Task statement - Below are records with pictures in them. Transcribe everything from the line containing "Description: 1982 Fre." down to the line containing "Pichwai metal meenakari", exactly, and leave the pictures behind.

Material for the task -
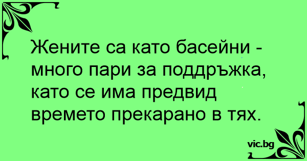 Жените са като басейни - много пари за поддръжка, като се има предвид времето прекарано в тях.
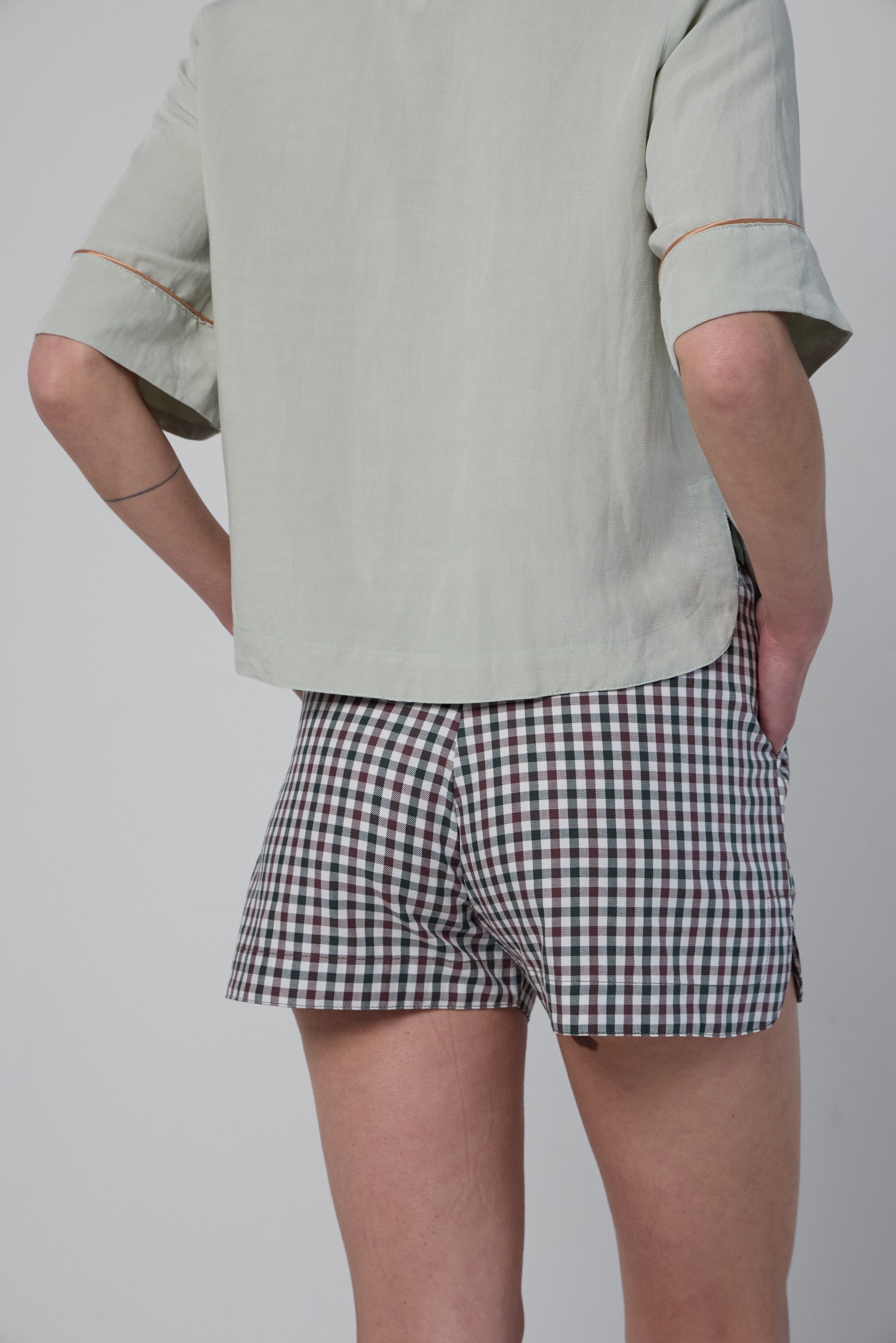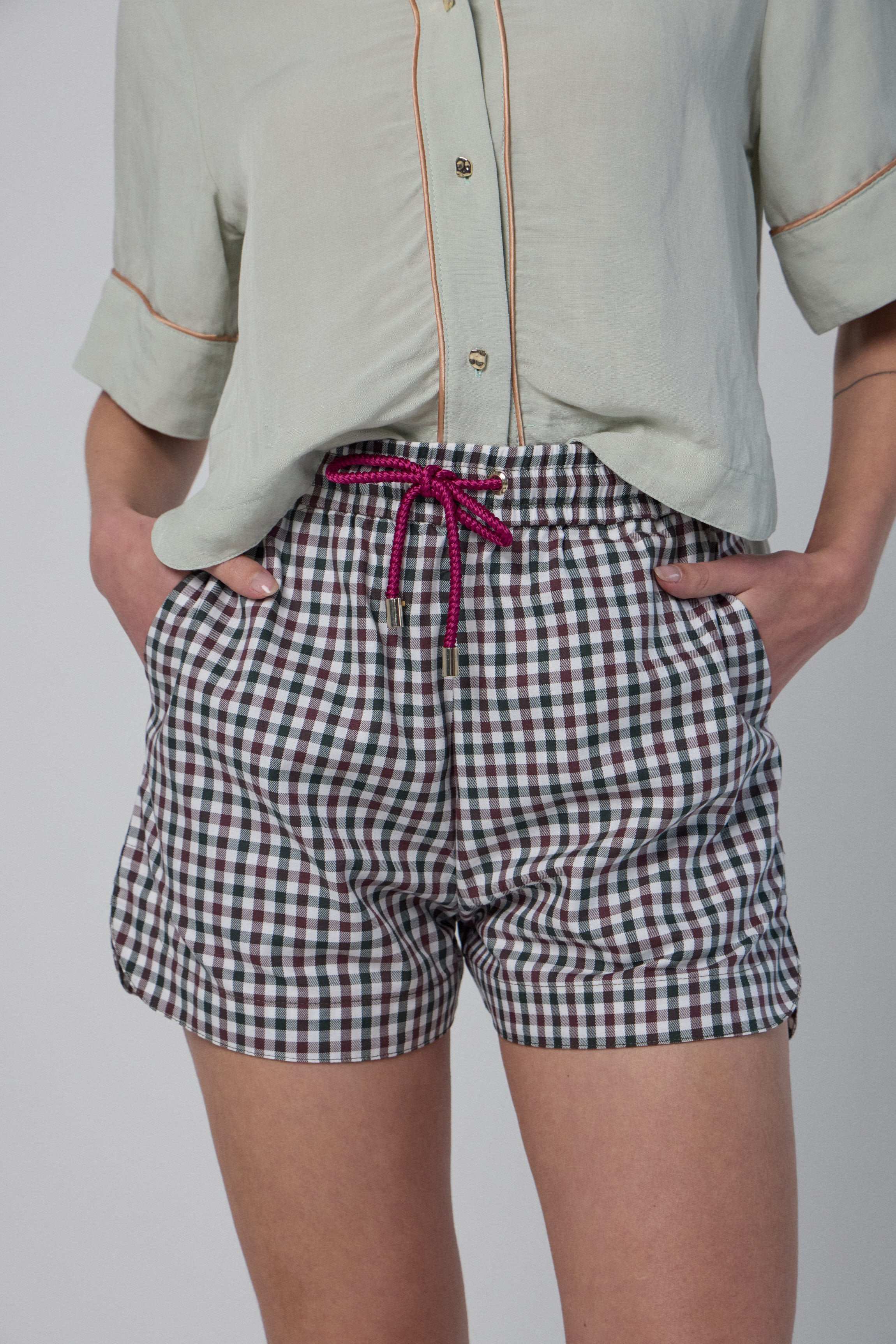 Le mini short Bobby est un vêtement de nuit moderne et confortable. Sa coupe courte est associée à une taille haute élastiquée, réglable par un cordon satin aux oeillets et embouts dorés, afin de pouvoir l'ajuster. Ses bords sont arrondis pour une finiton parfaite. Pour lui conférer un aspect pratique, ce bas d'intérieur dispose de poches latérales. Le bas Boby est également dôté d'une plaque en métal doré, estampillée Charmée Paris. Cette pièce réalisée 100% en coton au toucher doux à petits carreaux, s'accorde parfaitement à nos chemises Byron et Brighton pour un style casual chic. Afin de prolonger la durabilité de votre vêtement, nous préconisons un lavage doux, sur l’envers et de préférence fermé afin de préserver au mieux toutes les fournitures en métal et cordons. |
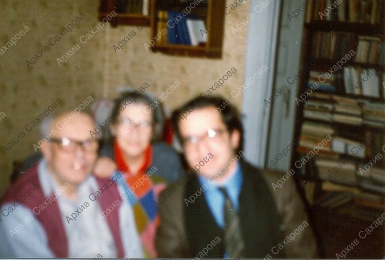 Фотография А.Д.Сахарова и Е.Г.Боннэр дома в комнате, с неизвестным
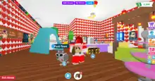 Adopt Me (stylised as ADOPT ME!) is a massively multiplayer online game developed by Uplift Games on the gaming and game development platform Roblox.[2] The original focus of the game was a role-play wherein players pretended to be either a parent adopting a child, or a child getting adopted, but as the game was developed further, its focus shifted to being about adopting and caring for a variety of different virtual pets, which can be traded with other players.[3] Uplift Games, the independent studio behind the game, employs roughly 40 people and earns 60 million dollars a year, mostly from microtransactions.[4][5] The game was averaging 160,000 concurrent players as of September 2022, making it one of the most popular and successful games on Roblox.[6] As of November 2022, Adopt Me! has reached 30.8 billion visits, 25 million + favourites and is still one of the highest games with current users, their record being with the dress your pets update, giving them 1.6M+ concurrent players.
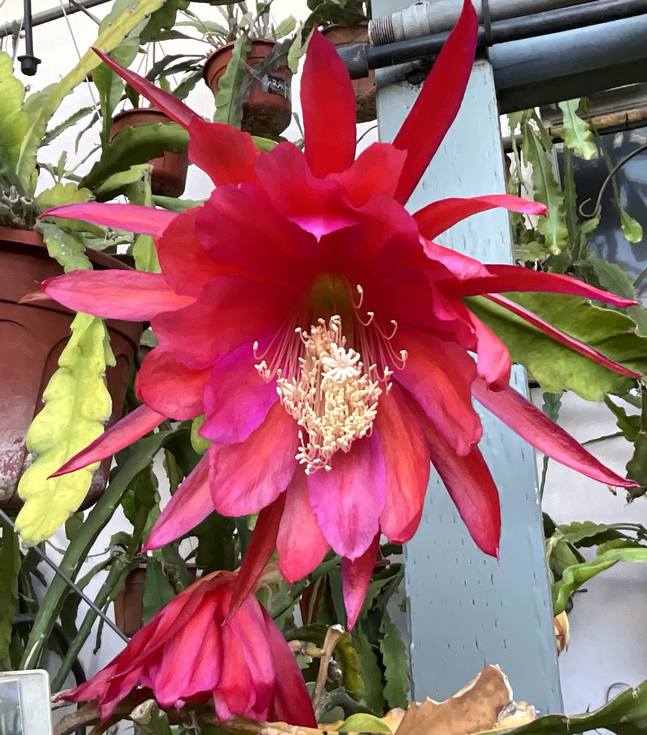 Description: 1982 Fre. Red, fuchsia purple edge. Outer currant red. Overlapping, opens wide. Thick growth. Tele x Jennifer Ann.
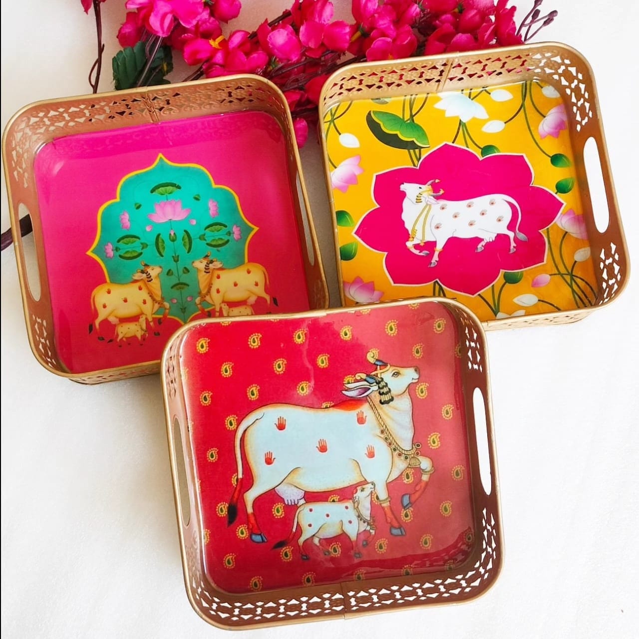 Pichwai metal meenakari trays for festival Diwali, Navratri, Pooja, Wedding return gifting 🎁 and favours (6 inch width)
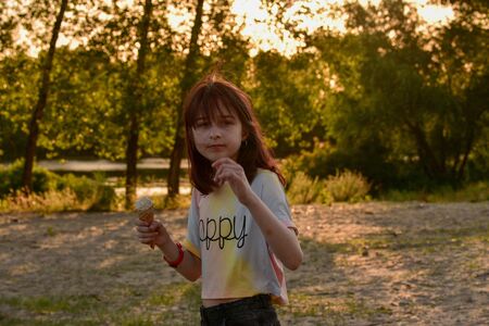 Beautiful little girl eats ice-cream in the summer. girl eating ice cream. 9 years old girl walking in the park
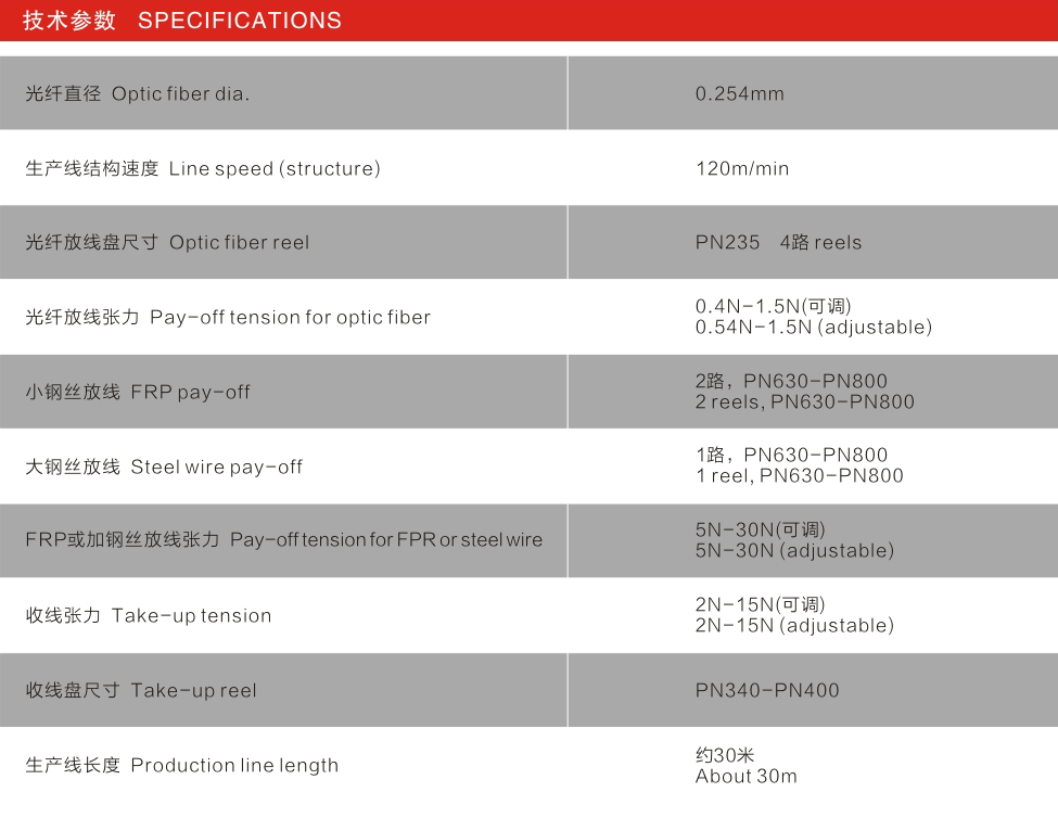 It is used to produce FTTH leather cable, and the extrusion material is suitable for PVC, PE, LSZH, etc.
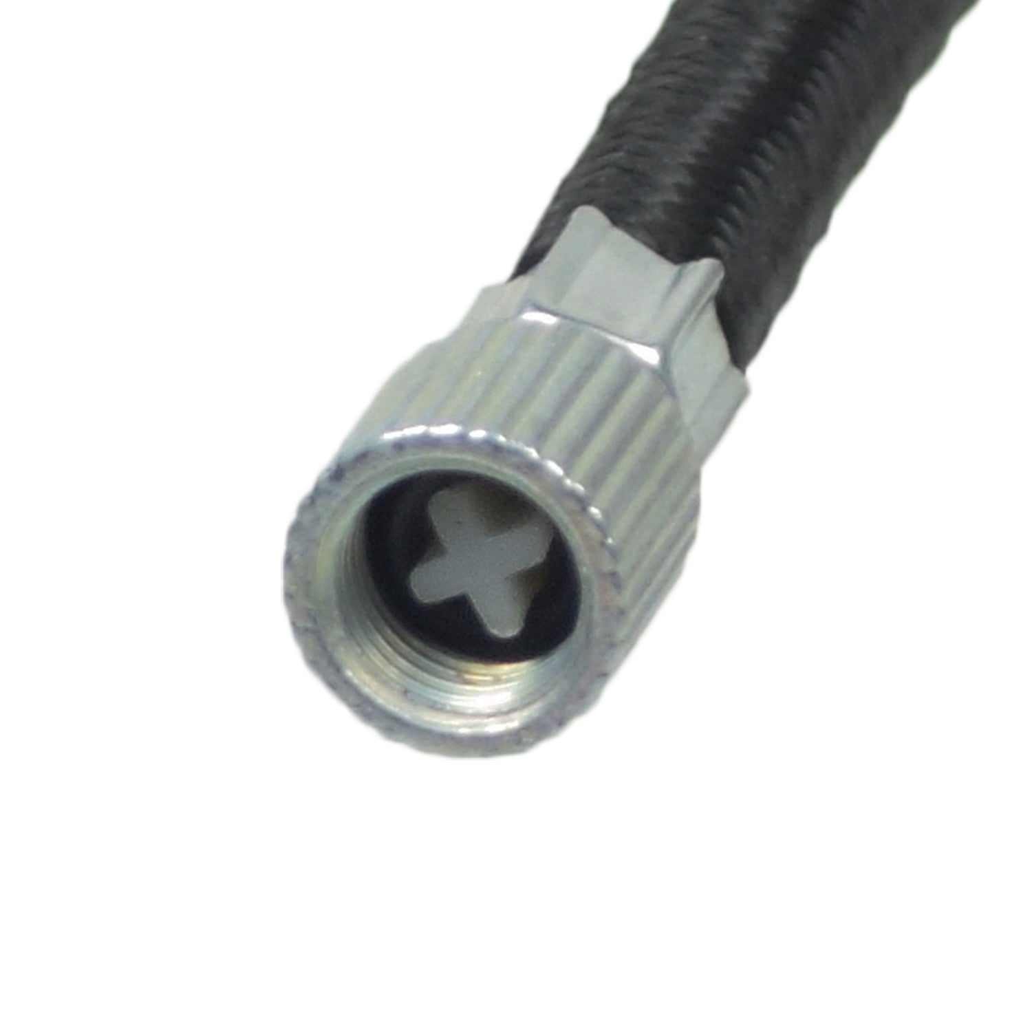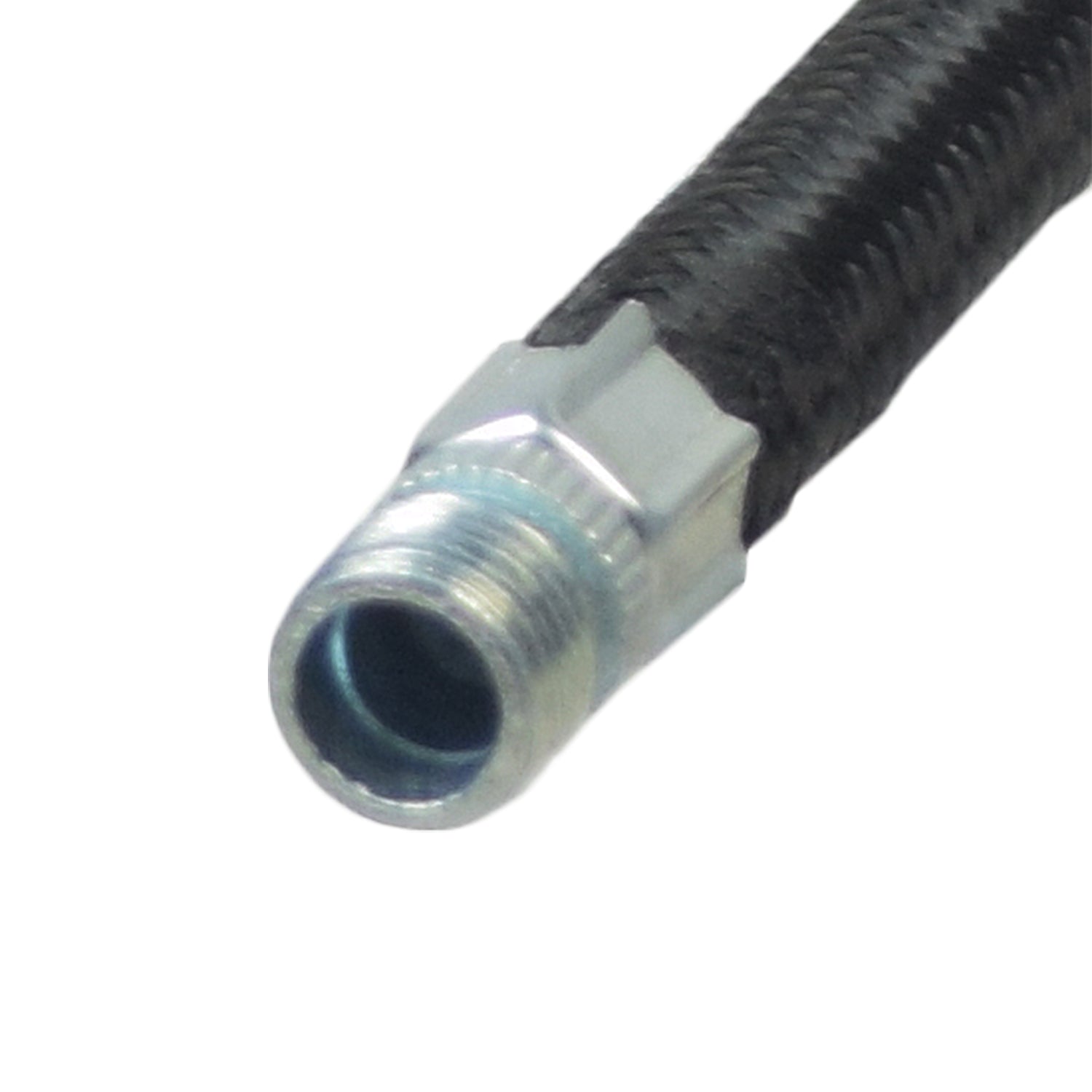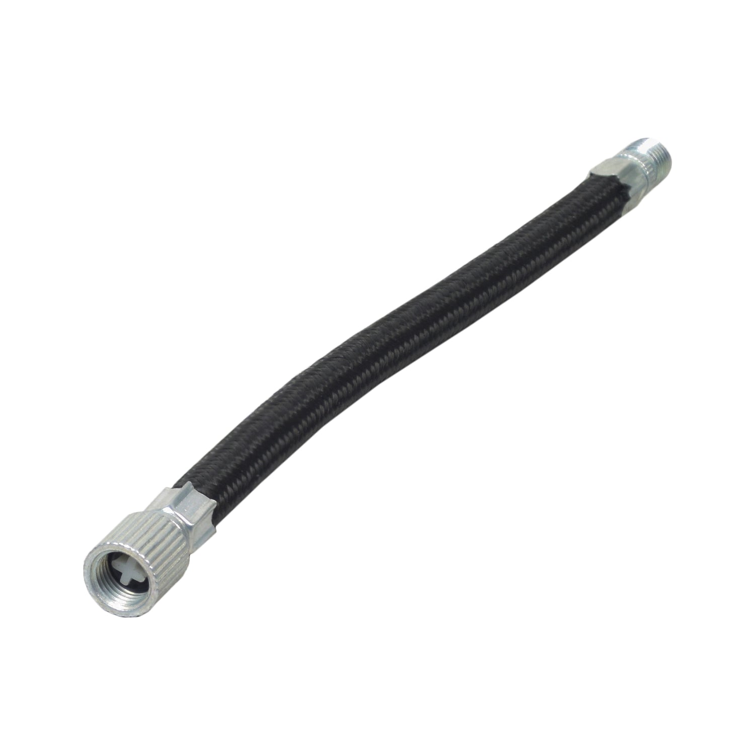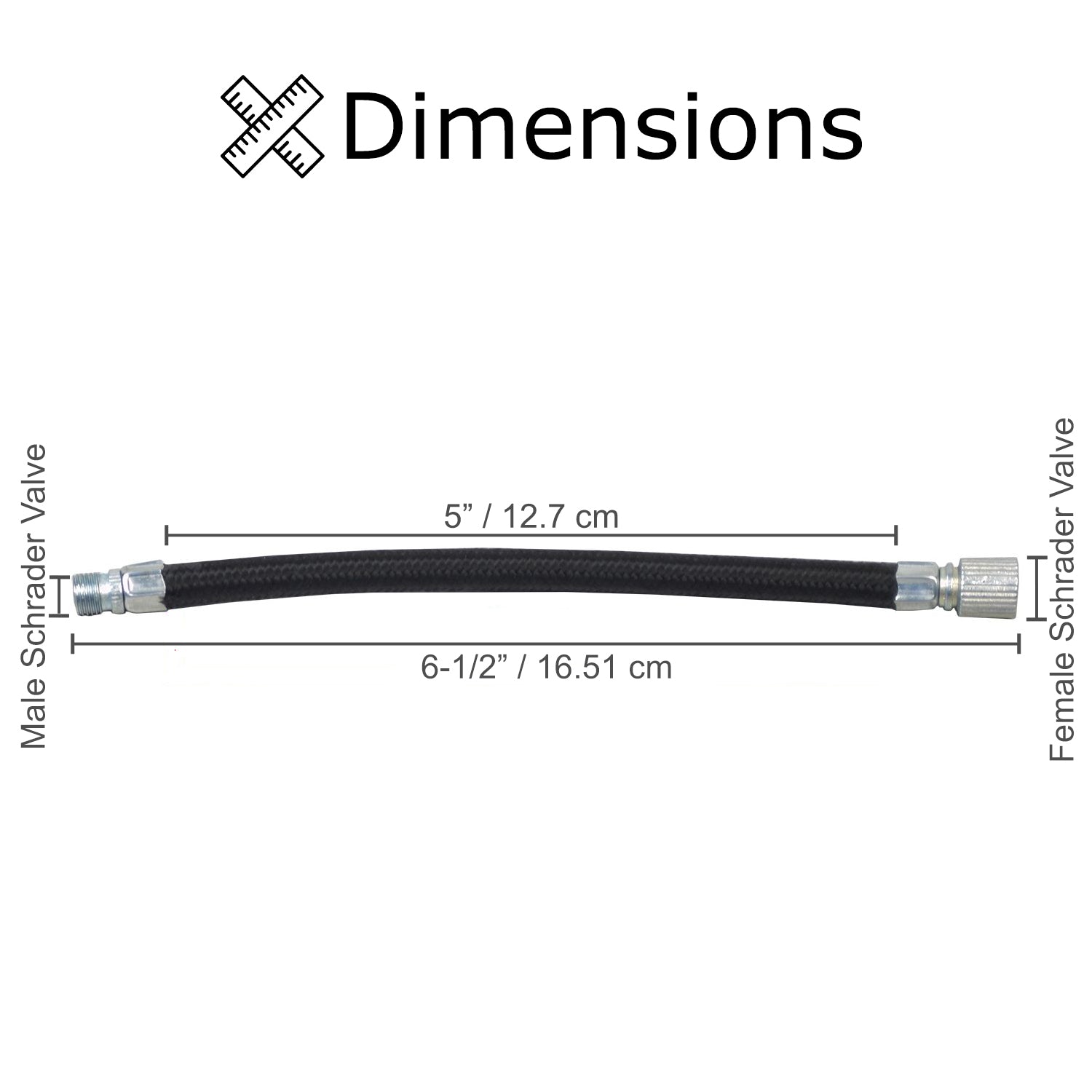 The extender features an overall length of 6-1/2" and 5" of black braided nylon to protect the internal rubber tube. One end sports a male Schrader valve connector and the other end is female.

Output for this exercise -
 Description: 1982 Fre. Red, fuchsia purple edge. Outer currant red. Overlapping, opens wide. Thick growth. Tele x Jennifer Ann.
 Pichwai metal meenakari trays for festival Diwali, Navratri, Pooja, Wedding return gifting 🎁 and favours (6 inch width)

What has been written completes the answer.